The Green promise is already changing the way we do things. But how best to invest in it?

Many investors look for a way to make money and feel good about doing it, wanting to combine an ethical choice with a profitable outcome.

This green investing discussion is on the boil south of the border as the 2020 presidential race gets under way. Canada has focused on carbon taxes as its way to tackle climate change. This approach taxes emissions as a way to provide companies with incentives to lower them. But in the U.S., the Democrats are talking about something far more radical. It is called the Green New Deal.

The Green New Deal is a big idea with few details for now. The name recalls U.S. president Franklin Roosevelt’s New Deal in the 1930s. FDR’s programs were aimed at restoring hope during the worst years of the Depression and included government spending on infrastructure to build highways, bridges, dams, and hydroelectric projects. One goal was bulk up the economic backbone. The other was to provide a pay cheque to the unemployed, giving them money to spend, which in turn created a virtuous circle of demand for goods and services.

The Green New Deal also offers hope. One goal is to slow climate change. The other is tackle income inequality by offering a living wage to the lowest on the ladder. The ‘how’ for all this is as yet unknown, except that the tools are a massive government hand in almost everything. This hand would direct investment, offer subsidies to certain industries, and tax others more heavily. It is meant to transform the energy sector and the broader economy.

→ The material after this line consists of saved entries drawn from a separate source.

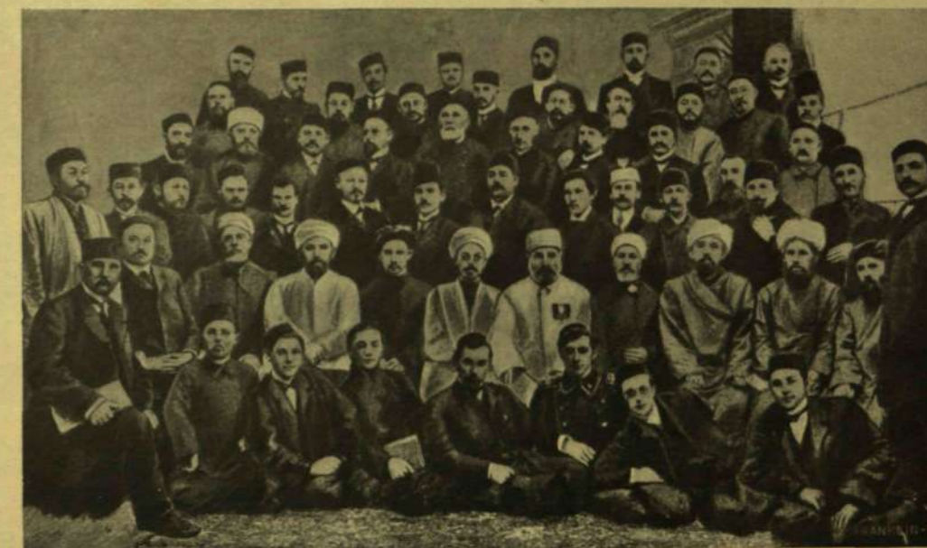
AZ ALKOTMÁNY ÜGYÉBEN: ZENTPÉTERVÁRRA ÖSSZEHOVOTT TATÁR BIZOTTSÁG TAGJAI.

Felkelés után megmosakszik és felöltözik Tolsztoj, aztán dolgozószobájába siet, a hol megreggelizik, sűrűn felbeszakitva étkezését oly gondolatok papírra vetésével, melyek ötlet-szerűen támadnak agyában. Délig még testgyakorlatot, vagy kerti munkát végez szöges dróttal körülkerített óriási gyümölcsösében. Ha az ásás, gyomlálás, nyesegetés már kifárasztotta visszatér pihegni — az íróasztalához. Déli frösztök után és estebed előtt rendszeren messze elszáll, vagy kilovagol kedvence messzeliútjához, a mely wigwám-szerűen van fából összeróva s a honnan messze ellátni a polyánai erdőbe, melyeket a tatárjárás után a palofczok támadásai ellen ültetett volt a szláv lakosság. Esti szürkületkor innen nézi a próféta lelkű nagy álmodozó, a mint a messze távol apránként elnyeli az esthomály; a mint fák, bokrok, kigyózó utak távoli falvak beléolvadnak a szürkés-ségbe s kezdenek megvilágosodni és kigyúlni az ablakok a földön és a csillagok az égen... Hazatérve egy órát alszik Tolsztoj, aztán jó étvágygyal ül az esti ebédhez családja körében, aztán meghallgatja az ügyes-bajos parasztokat, a kik tanácsért, vagy alalmazniért a közeli falvakból, sőt gyakran a messzi távolból is a kastélyba jönnek. Az ebédet nyáron a ház végéhez ragasztott üveges verandán találják és pedig a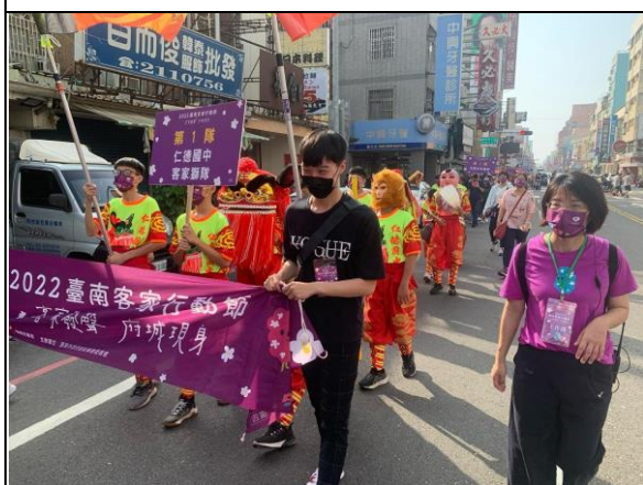
說明：客家獅進行健走宣傳活動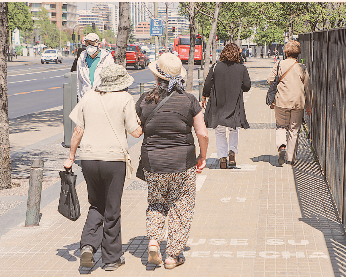
Los pensionados que optan por la renta vitalicia, ceden sus fondos de pensiones bajo un contrato a la aseguradora a cambio de una renta mensual en UF hasta su muerte.

“En el caso de los (inversionistas) extranjeros, podrían iniciar un arbitraje en contra del Estado de Chile ante el Ciadi, solicitando la compensación de los daños causados”, dice el abogado José Luis Corvalán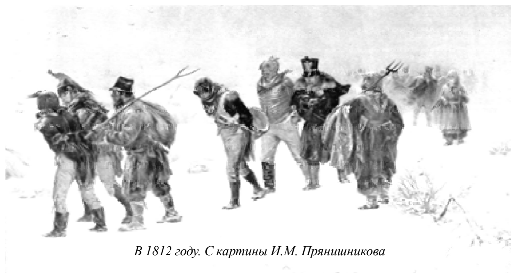
В 1812 году. С картины И.М. Прянишникова

— Бей до конца француза! Ныне это единый приказ. — Вот какая она, Василиса Кожина. Её хоть в губернаторы назначай, хоть в военный совет сажай.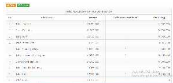
Gambar.14.Keputusan daftar distributor

Dari gambar diatas menampilkan manfaat dari tabel keputusan distributor yaitu untuk menampilkan data distributor meliputi 3 kriteria penilaian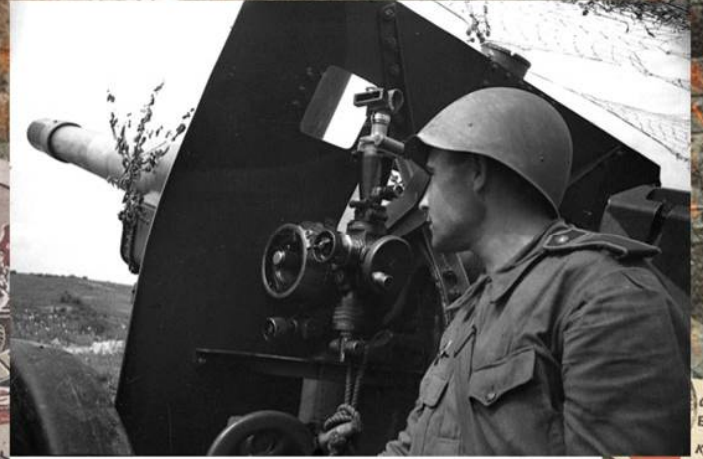
Советский артиллерист около своего орудия в районе Зееловских высот. Апрель 1945 г.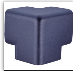
TYP H 3D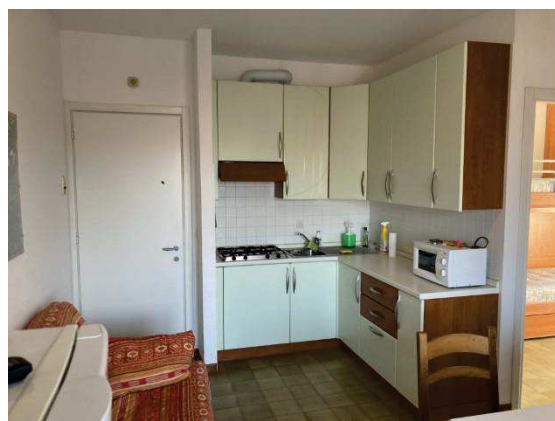
vista interna zona cottura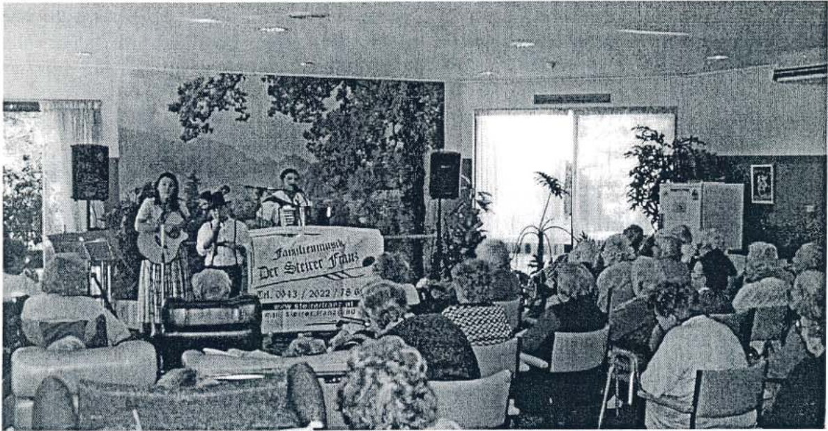
Auftritt in einem deutschsprachigen Seniorenheim

Nach Melbourne fahren wir Richtung Norden ca. 850 km in die Hauptstadt Australiens, nach Canberra. Dort waren wir in der österreichischen Botschaft eingeladen und sahen sehr viel von dieser Stadt.

For investors, the Green New Deal falls under the umbrella of socially-responsible investing. SRI offers a way to feel good beyond a donation to charity, because the investment puts money into the pockets of companies whose activities align with your beliefs. The investments often come with incentives, or tax breaks. This is because they may not make financial sense without them. Many of the companies are startups or in the early stages of development with big cash needs. They may have great ideas, but no commercial product.

Green energy is a theme within SRI. It invests in companies that produce energy from renewable resources such as hydroelectric, solar power, wind, and geothermal power.

brookfield prince wind farm
Brookfield Renewable’s Prince Wind Farm opened in 2006 and was the first commercial wind farm in Northern Ontario.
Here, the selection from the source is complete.